## PROBLEM TO WORK ON:
Copy out only the lines running from the one that contains "Sommerhuset ligger i" through the end of the listing. Pictures stay out.
***** DATA BELOW *****
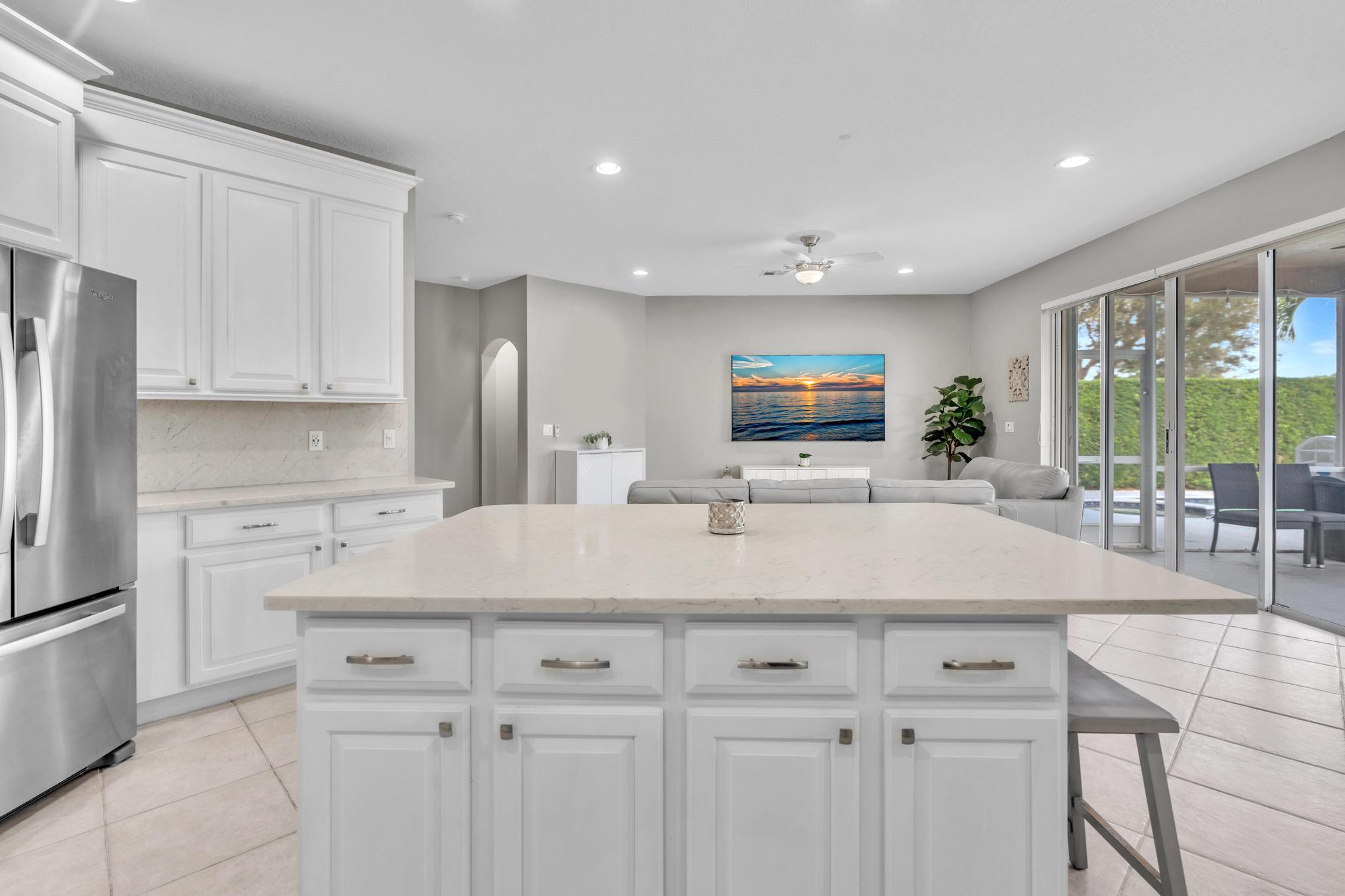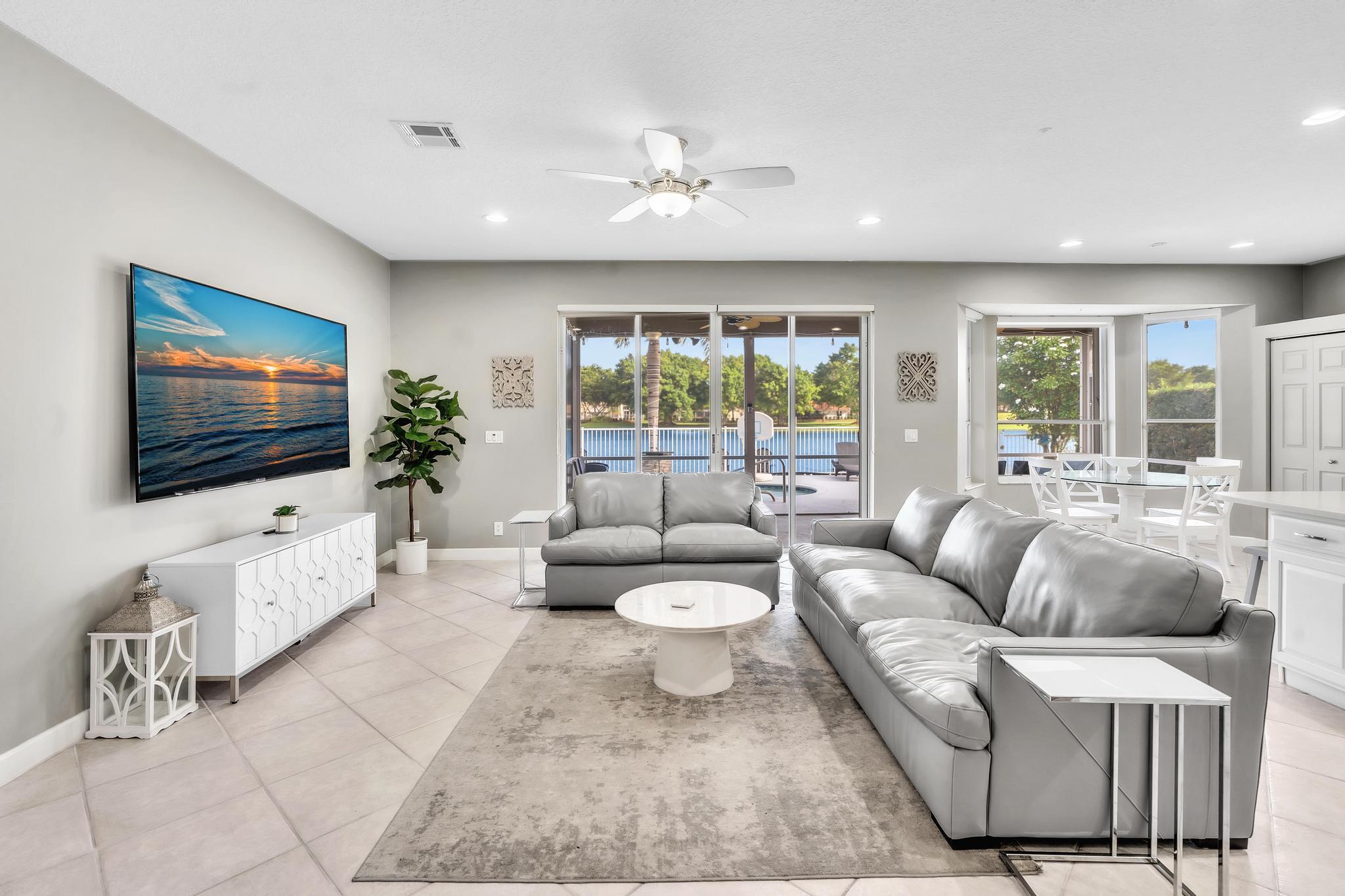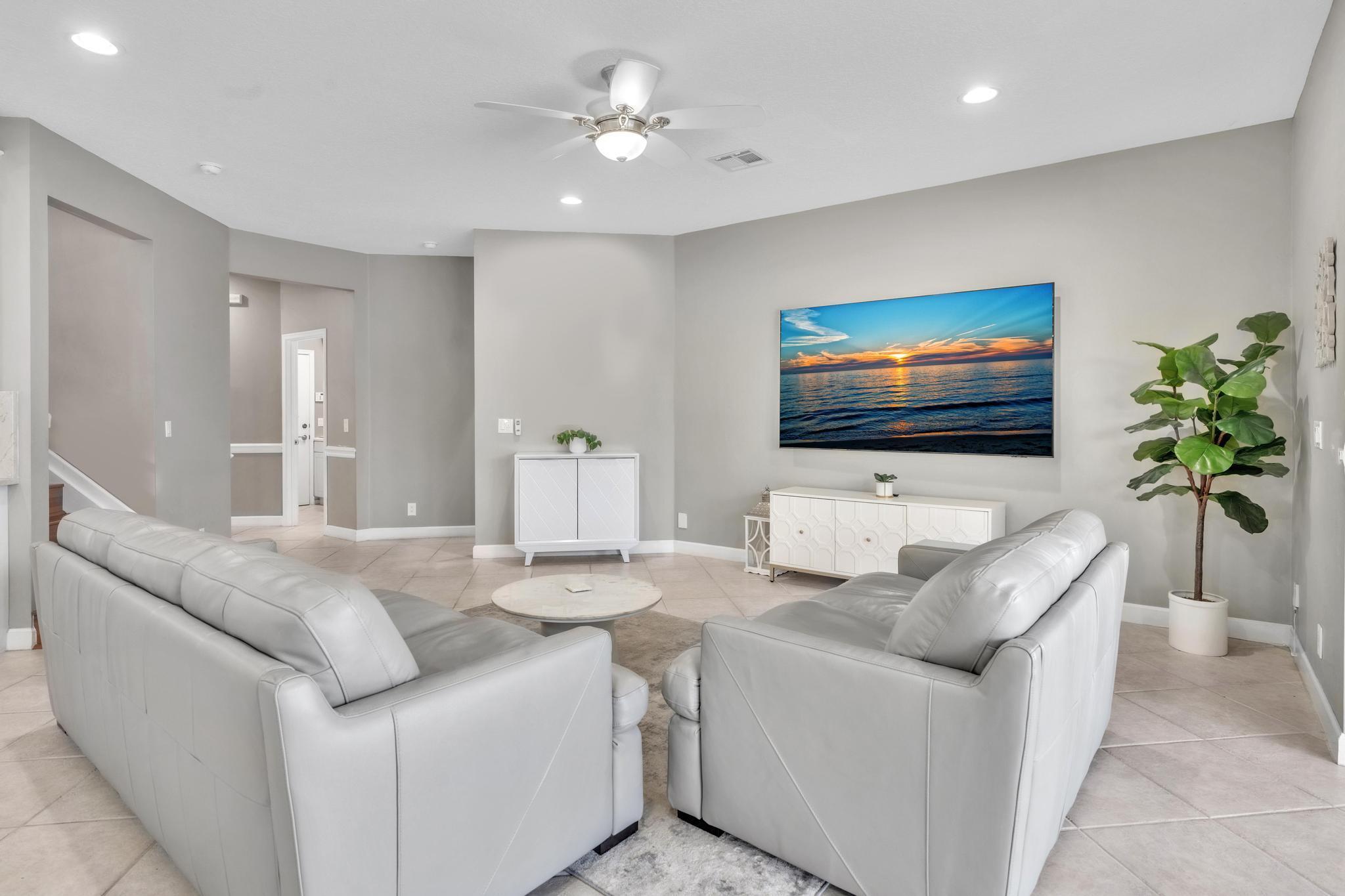 This remarkable 4-bedroom, 3.5-bathroom home is situated in a quiet, family-friendly neighborhood in beautiful Boca Winds, With over 3252 square feet of spacious, open-concept living space, this home is designed for both comfort and style. The heart of the home is the beautifully renovated kitchen, featuring quartz countertops, custom cabinetry, and a large island that’s perfect for meal prep and gatherings. The home also boasts a massive loft, offering a flexible space that can be used as a playroom, home office, or media room — the possibilities are endless! The master suite is a private retreat with an ensuite bathroom, walk-in closets. Outdoors, enjoy a landscaped backyard with a covered patio overlooking the lake, providing the perfect setting for relaxation and outdoor dining.
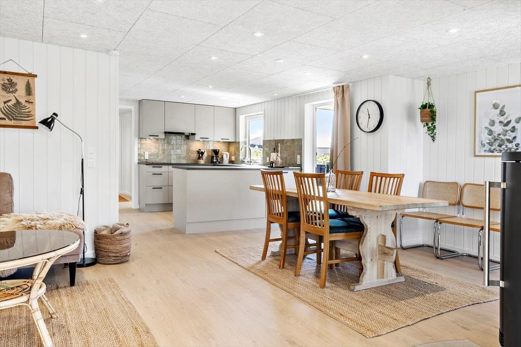 Sommerhuset ligger i kort gåafstand fra den brede sandstrand og det brusende Vesterhav, hvor du kan tage en dukkert i de forfriskende bølger eller nyde lange gåture langs kysten. Området er perfekt til naturoplevelser, og du kan nemt tage på udflugt til den nærliggende ferieby Løkken, som byder på hyggelige butikker og caféer. Hvis du er på jagt efter kulturelle oplevelser, er der flere kunstgallerier og lokale seværdigheder i området, som virkelig er med til at sætte prikken over i'et på en vellykket ferie.
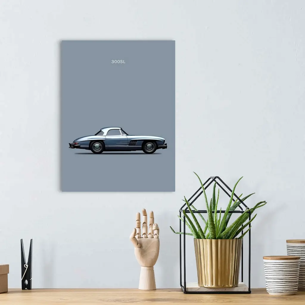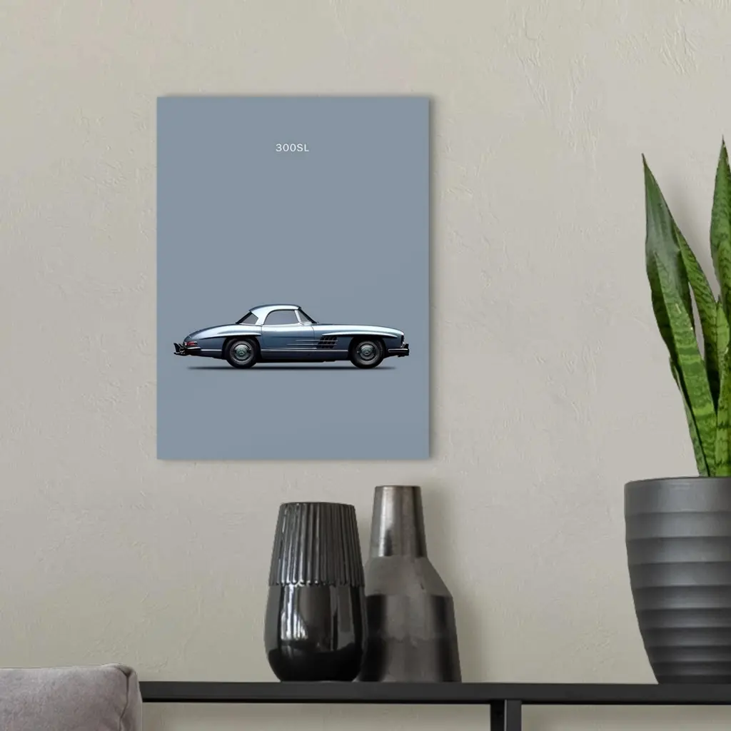 Photograph of a gray Mercedes 300SL 1960 printed on a gray background
*****
## WRITTEN ANSWER:
 Sommerhuset ligger i kort gåafstand fra den brede sandstrand og det brusende Vesterhav, hvor du kan tage en dukkert i de forfriskende bølger eller nyde lange gåture langs kysten. Området er perfekt til naturoplevelser, og du kan nemt tage på udflugt til den nærliggende ferieby Løkken, som byder på hyggelige butikker og caféer. Hvis du er på jagt efter kulturelle oplevelser, er der flere kunstgallerier og lokale seværdigheder i området, som virkelig er med til at sætte prikken over i'et på en vellykket ferie.
 Photograph of a gray Mercedes 300SL 1960 printed on a gray background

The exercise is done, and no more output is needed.